Exercise details: Output the listing exactly as written, apart from its pictures.

─── Given material ───

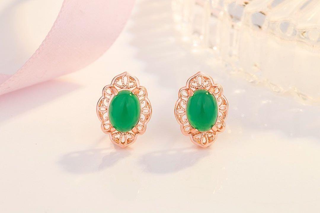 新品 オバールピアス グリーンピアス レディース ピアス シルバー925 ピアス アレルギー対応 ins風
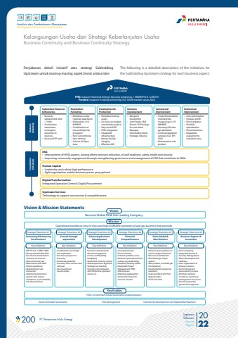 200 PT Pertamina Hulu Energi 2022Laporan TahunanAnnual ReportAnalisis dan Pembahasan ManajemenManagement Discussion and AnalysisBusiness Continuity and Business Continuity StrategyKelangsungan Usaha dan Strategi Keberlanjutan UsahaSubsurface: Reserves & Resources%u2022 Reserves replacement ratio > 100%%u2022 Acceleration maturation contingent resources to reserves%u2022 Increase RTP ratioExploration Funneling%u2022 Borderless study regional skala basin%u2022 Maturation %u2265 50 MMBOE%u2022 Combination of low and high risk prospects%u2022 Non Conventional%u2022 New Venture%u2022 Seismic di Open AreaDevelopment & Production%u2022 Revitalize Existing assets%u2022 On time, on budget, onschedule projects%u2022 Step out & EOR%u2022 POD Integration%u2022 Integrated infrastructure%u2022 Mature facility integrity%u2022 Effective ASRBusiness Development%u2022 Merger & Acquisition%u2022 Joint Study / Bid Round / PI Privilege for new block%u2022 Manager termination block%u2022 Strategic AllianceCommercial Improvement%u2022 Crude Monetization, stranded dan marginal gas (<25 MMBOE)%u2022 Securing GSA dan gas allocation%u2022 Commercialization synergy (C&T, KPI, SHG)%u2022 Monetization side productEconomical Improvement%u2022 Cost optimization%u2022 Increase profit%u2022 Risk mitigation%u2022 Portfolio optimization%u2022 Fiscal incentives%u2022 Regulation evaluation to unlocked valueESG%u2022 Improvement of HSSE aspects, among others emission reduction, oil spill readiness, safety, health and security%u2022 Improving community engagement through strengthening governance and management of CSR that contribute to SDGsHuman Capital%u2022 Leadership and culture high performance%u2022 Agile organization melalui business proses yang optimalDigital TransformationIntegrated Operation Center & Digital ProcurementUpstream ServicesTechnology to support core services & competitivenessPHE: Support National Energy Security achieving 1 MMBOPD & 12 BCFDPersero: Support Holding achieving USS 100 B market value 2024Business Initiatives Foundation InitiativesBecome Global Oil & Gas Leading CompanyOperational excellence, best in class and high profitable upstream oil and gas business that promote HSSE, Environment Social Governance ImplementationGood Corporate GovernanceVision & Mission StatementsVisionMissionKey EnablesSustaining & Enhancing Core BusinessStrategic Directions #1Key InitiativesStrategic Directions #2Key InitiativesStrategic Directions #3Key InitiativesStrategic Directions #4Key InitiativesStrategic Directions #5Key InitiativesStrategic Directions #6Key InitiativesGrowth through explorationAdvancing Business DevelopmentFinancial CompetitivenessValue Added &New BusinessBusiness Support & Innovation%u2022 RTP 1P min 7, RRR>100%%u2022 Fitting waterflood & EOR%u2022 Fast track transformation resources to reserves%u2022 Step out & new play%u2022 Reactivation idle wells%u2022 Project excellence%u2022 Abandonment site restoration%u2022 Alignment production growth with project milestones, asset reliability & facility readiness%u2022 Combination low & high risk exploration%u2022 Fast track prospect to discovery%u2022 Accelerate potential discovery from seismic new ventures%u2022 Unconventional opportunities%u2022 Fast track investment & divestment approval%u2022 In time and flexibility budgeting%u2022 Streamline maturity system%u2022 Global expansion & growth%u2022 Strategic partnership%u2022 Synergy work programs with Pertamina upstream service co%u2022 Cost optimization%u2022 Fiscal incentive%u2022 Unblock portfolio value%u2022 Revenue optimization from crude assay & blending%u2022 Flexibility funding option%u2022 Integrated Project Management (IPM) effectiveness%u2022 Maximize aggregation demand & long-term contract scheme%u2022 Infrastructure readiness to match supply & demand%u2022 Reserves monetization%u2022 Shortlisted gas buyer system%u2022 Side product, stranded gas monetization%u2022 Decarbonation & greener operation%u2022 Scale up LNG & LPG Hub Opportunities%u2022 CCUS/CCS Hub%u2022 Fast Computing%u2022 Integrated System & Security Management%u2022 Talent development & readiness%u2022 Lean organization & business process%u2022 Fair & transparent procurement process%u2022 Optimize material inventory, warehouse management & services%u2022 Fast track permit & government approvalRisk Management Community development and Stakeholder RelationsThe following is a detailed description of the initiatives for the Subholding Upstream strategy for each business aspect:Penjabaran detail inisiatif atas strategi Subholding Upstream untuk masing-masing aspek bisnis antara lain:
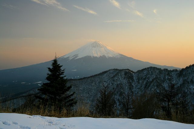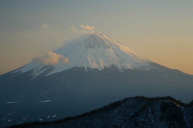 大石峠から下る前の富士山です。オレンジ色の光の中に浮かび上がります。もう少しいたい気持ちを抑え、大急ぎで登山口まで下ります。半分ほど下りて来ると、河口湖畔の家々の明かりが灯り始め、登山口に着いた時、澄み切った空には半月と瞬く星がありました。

───

Output of the exercise:
 新品 オバールピアス グリーンピアス レディース ピアス シルバー925 ピアス アレルギー対応 ins風
 200 PT Pertamina Hulu Energi 2022Laporan TahunanAnnual ReportAnalisis dan Pembahasan ManajemenManagement Discussion and AnalysisBusiness Continuity and Business Continuity StrategyKelangsungan Usaha dan Strategi Keberlanjutan UsahaSubsurface: Reserves & Resources%u2022 Reserves replacement ratio > 100%%u2022 Acceleration maturation contingent resources to reserves%u2022 Increase RTP ratioExploration Funneling%u2022 Borderless study regional skala basin%u2022 Maturation %u2265 50 MMBOE%u2022 Combination of low and high risk prospects%u2022 Non Conventional%u2022 New Venture%u2022 Seismic di Open AreaDevelopment & Production%u2022 Revitalize Existing assets%u2022 On time, on budget, onschedule projects%u2022 Step out & EOR%u2022 POD Integration%u2022 Integrated infrastructure%u2022 Mature facility integrity%u2022 Effective ASRBusiness Development%u2022 Merger & Acquisition%u2022 Joint Study / Bid Round / PI Privilege for new block%u2022 Manager termination block%u2022 Strategic AllianceCommercial Improvement%u2022 Crude Monetization, stranded dan marginal gas (<25 MMBOE)%u2022 Securing GSA dan gas allocation%u2022 Commercialization synergy (C&T, KPI, SHG)%u2022 Monetization side productEconomical Improvement%u2022 Cost optimization%u2022 Increase profit%u2022 Risk mitigation%u2022 Portfolio optimization%u2022 Fiscal incentives%u2022 Regulation evaluation to unlocked valueESG%u2022 Improvement of HSSE aspects, among others emission reduction, oil spill readiness, safety, health and security%u2022 Improving community engagement through strengthening governance and management of CSR that contribute to SDGsHuman Capital%u2022 Leadership and culture high performance%u2022 Agile organization melalui business proses yang optimalDigital TransformationIntegrated Operation Center & Digital ProcurementUpstream ServicesTechnology to support core services & competitivenessPHE: Support National Energy Security achieving 1 MMBOPD & 12 BCFDPersero: Support Holding achieving USS 100 B market value 2024Business Initiatives Foundation InitiativesBecome Global Oil & Gas Leading CompanyOperational excellence, best in class and high profitable upstream oil and gas business that promote HSSE, Environment Social Governance ImplementationGood Corporate GovernanceVision & Mission StatementsVisionMissionKey EnablesSustaining & Enhancing Core BusinessStrategic Directions #1Key InitiativesStrategic Directions #2Key InitiativesStrategic Directions #3Key InitiativesStrategic Directions #4Key InitiativesStrategic Directions #5Key InitiativesStrategic Directions #6Key InitiativesGrowth through explorationAdvancing Business DevelopmentFinancial CompetitivenessValue Added &New BusinessBusiness Support & Innovation%u2022 RTP 1P min 7, RRR>100%%u2022 Fitting waterflood & EOR%u2022 Fast track transformation resources to reserves%u2022 Step out & new play%u2022 Reactivation idle wells%u2022 Project excellence%u2022 Abandonment site restoration%u2022 Alignment production growth with project milestones, asset reliability & facility readiness%u2022 Combination low & high risk exploration%u2022 Fast track prospect to discovery%u2022 Accelerate potential discovery from seismic new ventures%u2022 Unconventional opportunities%u2022 Fast track investment & divestment approval%u2022 In time and flexibility budgeting%u2022 Streamline maturity system%u2022 Global expansion & growth%u2022 Strategic partnership%u2022 Synergy work programs with Pertamina upstream service co%u2022 Cost optimization%u2022 Fiscal incentive%u2022 Unblock portfolio value%u2022 Revenue optimization from crude assay & blending%u2022 Flexibility funding option%u2022 Integrated Project Management (IPM) effectiveness%u2022 Maximize aggregation demand & long-term contract scheme%u2022 Infrastructure readiness to match supply & demand%u2022 Reserves monetization%u2022 Shortlisted gas buyer system%u2022 Side product, stranded gas monetization%u2022 Decarbonation & greener operation%u2022 Scale up LNG & LPG Hub Opportunities%u2022 CCUS/CCS Hub%u2022 Fast Computing%u2022 Integrated System & Security Management%u2022 Talent development & readiness%u2022 Lean organization & business process%u2022 Fair & transparent procurement process%u2022 Optimize material inventory, warehouse management & services%u2022 Fast track permit & government approvalRisk Management Community development and Stakeholder RelationsThe following is a detailed description of the initiatives for the Subholding Upstream strategy for each business aspect:Penjabaran detail inisiatif atas strategi Subholding Upstream untuk masing-masing aspek bisnis antara lain:
 大石峠から下る前の富士山です。オレンジ色の光の中に浮かび上がります。もう少しいたい気持ちを抑え、大急ぎで登山口まで下ります。半分ほど下りて来ると、河口湖畔の家々の明かりが灯り始め、登山口に着いた時、澄み切った空には半月と瞬く星がありました。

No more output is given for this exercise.